(TASK OBJECTIVE)
Of the material below, only the lines from the line containing "고급 블랙 인조가죽시트 (SE) 알루 브러시드 패턴 그레이 (SE)" down to the line containing "SÖ hörnet av" belong in the answer, written out exactly.

(PROVIDED ENTRIES)
>>>>>

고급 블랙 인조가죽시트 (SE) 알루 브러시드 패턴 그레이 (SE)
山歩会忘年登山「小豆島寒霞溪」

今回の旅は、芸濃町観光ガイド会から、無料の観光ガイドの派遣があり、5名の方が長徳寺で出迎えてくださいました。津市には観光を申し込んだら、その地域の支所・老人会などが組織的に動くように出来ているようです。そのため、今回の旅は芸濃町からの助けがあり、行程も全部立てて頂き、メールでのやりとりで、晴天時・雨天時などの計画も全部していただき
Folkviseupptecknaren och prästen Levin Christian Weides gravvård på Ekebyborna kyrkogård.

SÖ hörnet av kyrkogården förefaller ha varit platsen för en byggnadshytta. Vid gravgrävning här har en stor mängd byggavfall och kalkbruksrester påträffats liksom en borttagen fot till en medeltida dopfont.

<<<<<
>>>>>

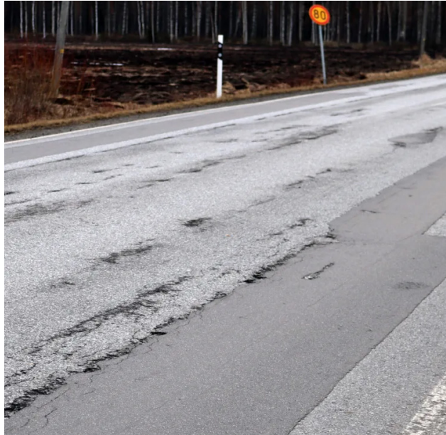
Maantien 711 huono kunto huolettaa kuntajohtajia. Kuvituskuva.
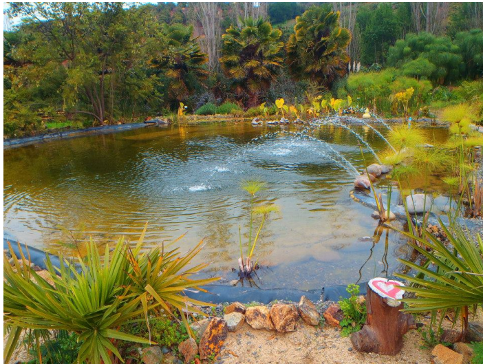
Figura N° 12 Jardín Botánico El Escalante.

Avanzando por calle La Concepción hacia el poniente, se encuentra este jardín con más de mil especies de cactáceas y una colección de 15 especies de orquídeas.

<<<<<
>>>>>

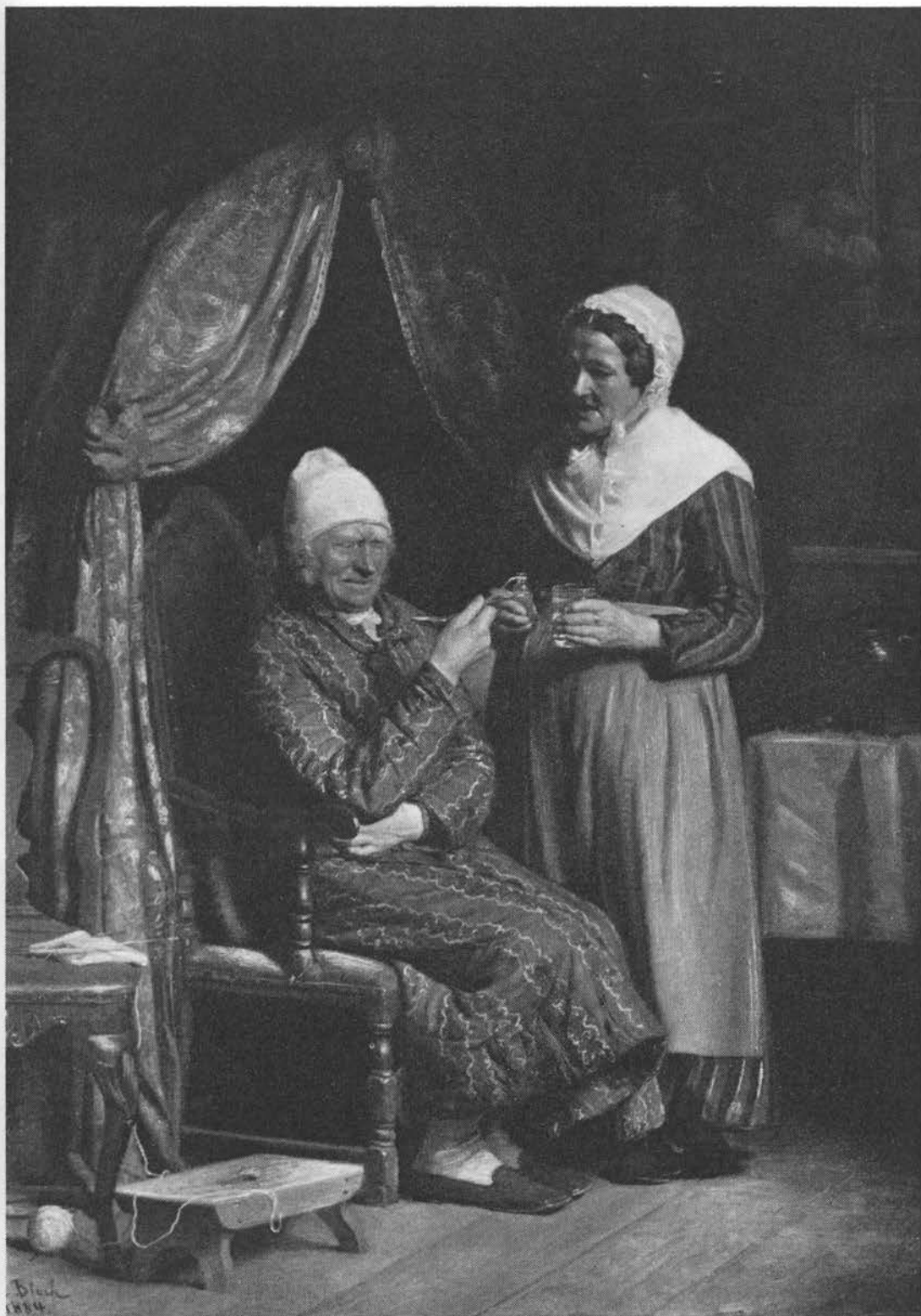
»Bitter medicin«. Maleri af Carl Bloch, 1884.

<<<<<

(EXERCISE RESPONSE)
고급 블랙 인조가죽시트 (SE) 알루 브러시드 패턴 그레이 (SE)
山歩会忘年登山「小豆島寒霞溪」

今回の旅は、芸濃町観光ガイド会から、無料の観光ガイドの派遣があり、5名の方が長徳寺で出迎えてくださいました。津市には観光を申し込んだら、その地域の支所・老人会などが組織的に動くように出来ているようです。そのため、今回の旅は芸濃町からの助けがあり、行程も全部立てて頂き、メールでのやりとりで、晴天時・雨天時などの計画も全部していただき
Folkviseupptecknaren och prästen Levin Christian Weides gravvård på Ekebyborna kyrkogård.

SÖ hörnet av kyrkogården förefaller ha varit platsen för en byggnadshytta. Vid gravgrävning här har en stor mängd byggavfall och kalkbruksrester påträffats liksom en borttagen fot till en medeltida dopfont.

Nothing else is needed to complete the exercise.